Grandpa laughed. “Any problems, just come on over to the nursing home.”

“You'll be with Tom, too, right? That means you'll be in two places at the same time. Like the monitors.”

“That's right.”

“But you were a scientist, you told me,” said Eddie.

Grandpa nodded. “I'm glad you remembered. The head scientists decided that the Earths were unstable, that they could blow themselves up and wreck the universe. They wanted to destroy them. Your dad and I were part of the group that wanted to save the Earths.”

“Was Dad a scientist, too?”

“Your dad was a monitor,” said Grandpa. “We both became rebels against our own planet.”

“And now Tom and me are rebels, too.”

“We're counting on you boys.” Grandpa knuckled Eddie's head. “Now go get some sleep. Tomorrow's a big day.”

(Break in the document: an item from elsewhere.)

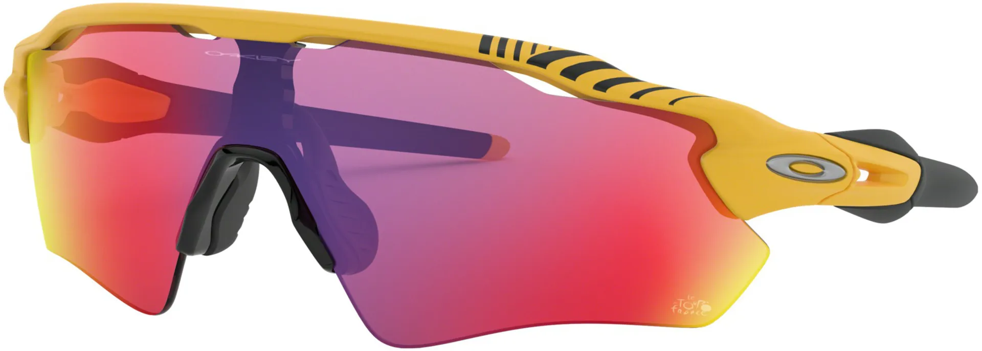 The Oakley Radar EV Path Sunglasses. To honor the 100th anniversary of the first yellow jersey worn by the Tour de France race leader, each piece in the 2019 Oakley™ Tour de France Collection features platinum accents—and Prizm™ Road lenses to represent the heart and soul of the race. Our original Radar™ eyewear combined everything we learned from decades of research with the world's best athletes, and with the taller lens of Radar EV and its extended range of view in the upper peripheral region, the heritage of performance has a new milestone.

He handed Eddie a key to the front door, got back on his bike, and pedaled away.

THIRTY-ONE

NEARMONT, N.J.

2011

 

E
DDIE
tiptoed up the stairs and into Tom's room. He planned to look it over carefully, but once he sat down on Tom's bed, he decided he needed to stretch out for a few minutes first. That was it. As usual, whenever he was worried, he fell right to sleep.

He awoke early. Tom's house was noisier than his, alarms and machines humming and clicking. Because it was a big old house, it made creaky, grinding sounds. The groaning of the refrigerator downstairs almost drowned out Keith's snoring in the bedroom across the hall.

Eddie had slept in the chinos and blue shirt he was wearing when he left EarthTwo. They were wrinkled and a little stinky, but he kept them on because he felt shy about wearing Tom's clothes, which were mostly T-shirts with pictures and words on them and denim pants that looked more stylish than the dungarees he wore back home. He wasn't allowed to wear dungarees to school.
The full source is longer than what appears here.